“To a Skylark” by Percy Bysshe Shelley is an ode to the “blithe” nature of a singing skylark and how human beings are unable to ever attain that same bliss. In the poem, Shelley addresses a skylark that flies up at a magnificent height and sings so melodiously that the world is entranced and charmed by its sweetness .The skylark is Shelley’s most exceptional natural metaphor for true poetic emotion, the “harmonious madness” of classic influence. It signifies high poetic imagination, virtue, and messenger of peace and progress. The skylark’s song concerns a position of purified existence; its song is driven by the pleasure of that uncomplicated simplicity of life, and is unmixed with any sign of despair or of the bittersweet, as human happiness very usually is.
The skylark’s unrestrained melody pours down upon the world, transcending every other grace making the speaker assume that the bird is not mortal at all, but a “Spirit.” It stands for idealism free from crime, exploitation, and slavery. In the poem, it’s rarely noticed but its deep mellow song helps to evoke the people of the mystical visions of Nature. The bird signifies the sheer, unrestrained happiness that Shelley is frantically seeking. This desperation comes through in the next stanzas. He sees the bird as a “high-born maiden” that serenades her lover below her and spring, or “vernal showers” that rain on the flowers below.

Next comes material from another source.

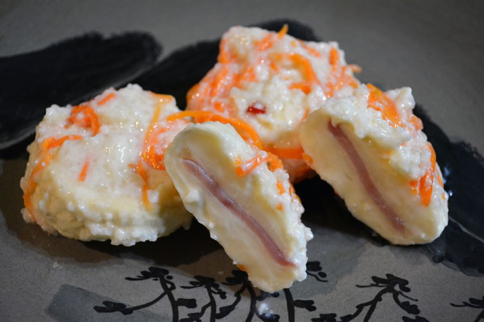 Kaburazushi is a specialty dish of Ishikawa, Japan. This dish is made from salted yellowtail – or sometimes mackerel – placed between pieces of pickled radish and then packed in koji stock for several days. This process creates a rich, savory, umami flavor. Kaburazushi is often served with sake or green tea. It is traditionally served during the New Year, but can be enjoyed at any time of the year.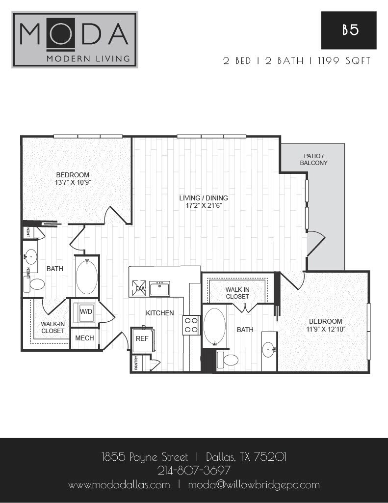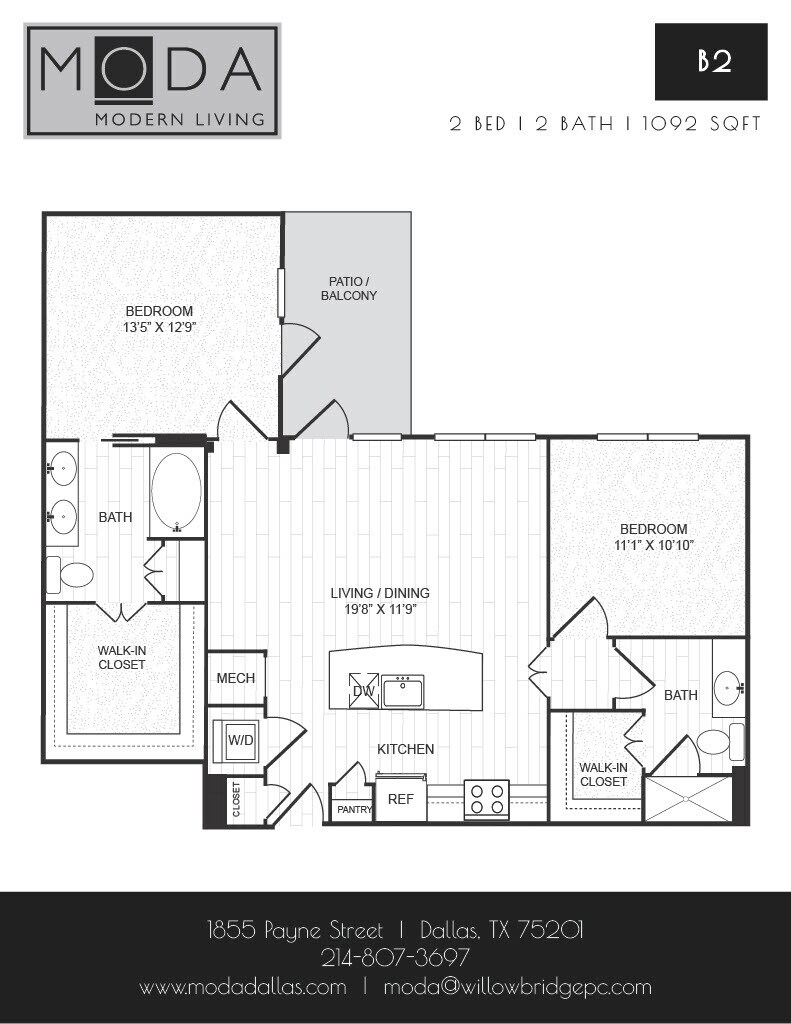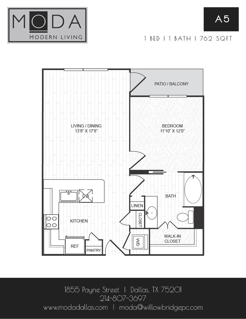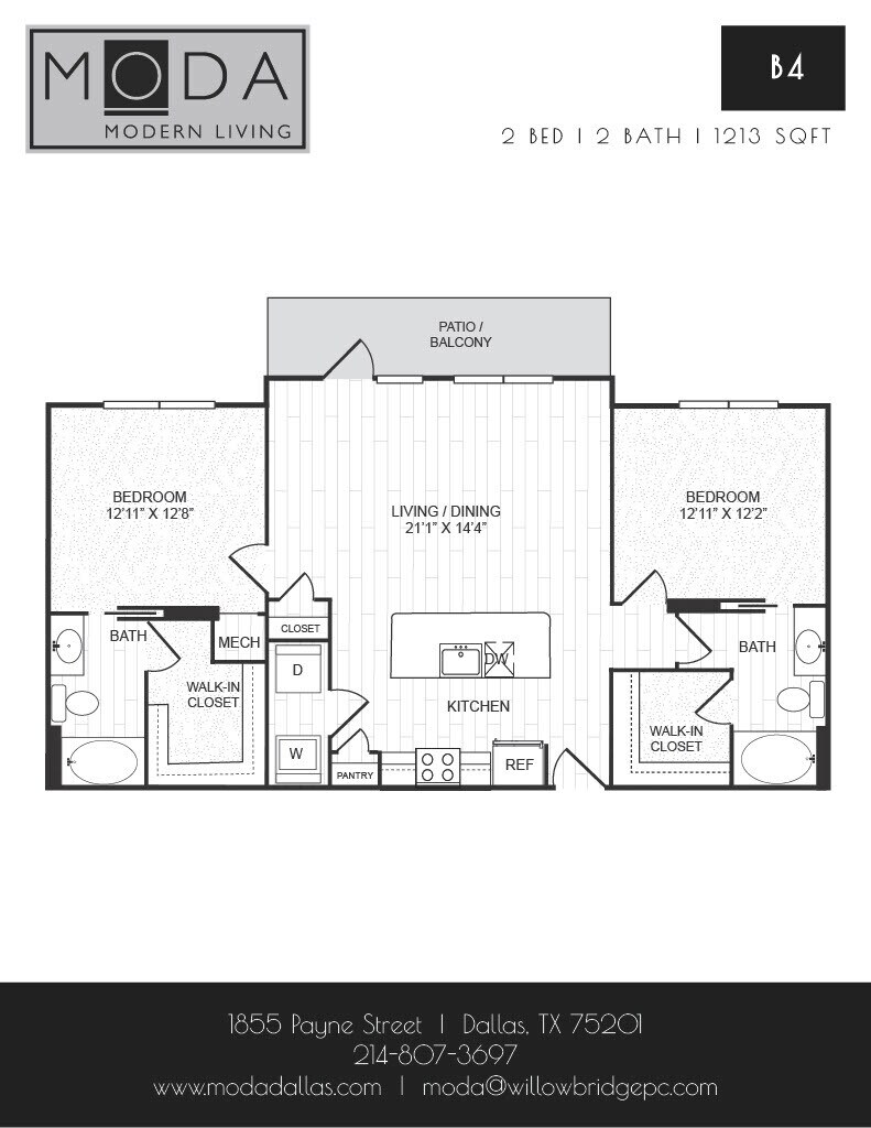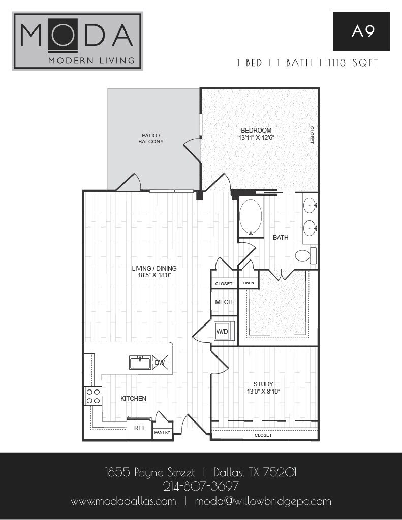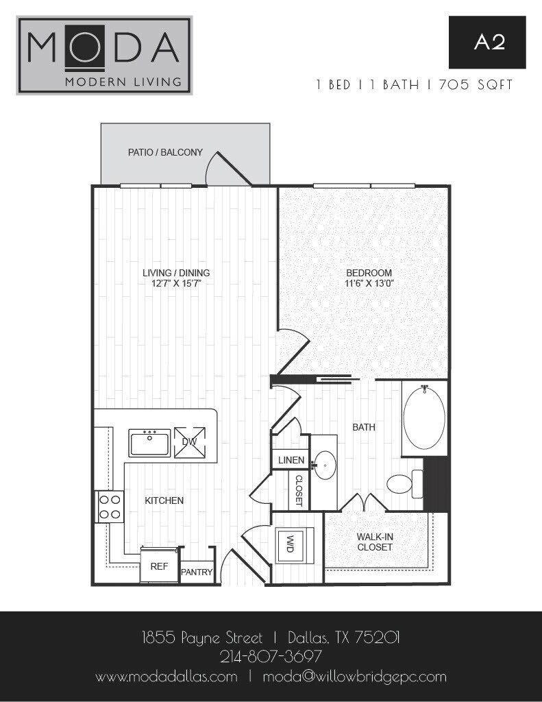 Moda Apartments se encuentra en el Barrio Victory Park y el código postal 75201 de Dallas, TX. Esta comunidad está gestionada profesionalmente por Willow Bridge Property Company

The skylark is like “rainbow clouds” and the type of all “Joyous” things.
Structurally and linguistically, this poem is almost unique among Shelley’s works; its strange form of a stanza, with four compact lines and one very long line, and its lilting, songlike diction (“profuse strains of unpremeditated art”) work to create the effect of spontaneous poetic expression flowing musically and naturally from the poet’s mind. The skylark is happy because it apprehends what makes it happy. It has a chosen advantage over human beings, who know
both what gives them happiness and what causes them unhappiness. They worry about the end because they are unaware of things that lie beyond mortality, among other reasons. The skylark knows what lies beyond death, and feels no concern about it. It is no so shocking that it is exceptionally happy the line “We” pine for things that we do not have, and even our “sweetest songs” are full of the “saddest thought[s].” clearly states it.
The poem ends with the writer soliciting with the bird to “Teach [him] half the gladness / That thy brain must know.” Even that little amount of happiness would give Shelley the capability to produce “harmonious madness” that would force the world to listen to him must as raptly as he is listening to the skylark now. Some critics say that P.B Shelley was not a practical man. He was far away from realism. So his Skylark continuously soared higher and did not come to the earth, like the Skylark of Wordsworth. On the whole, this poem is Shelley’s one of the most excellent works.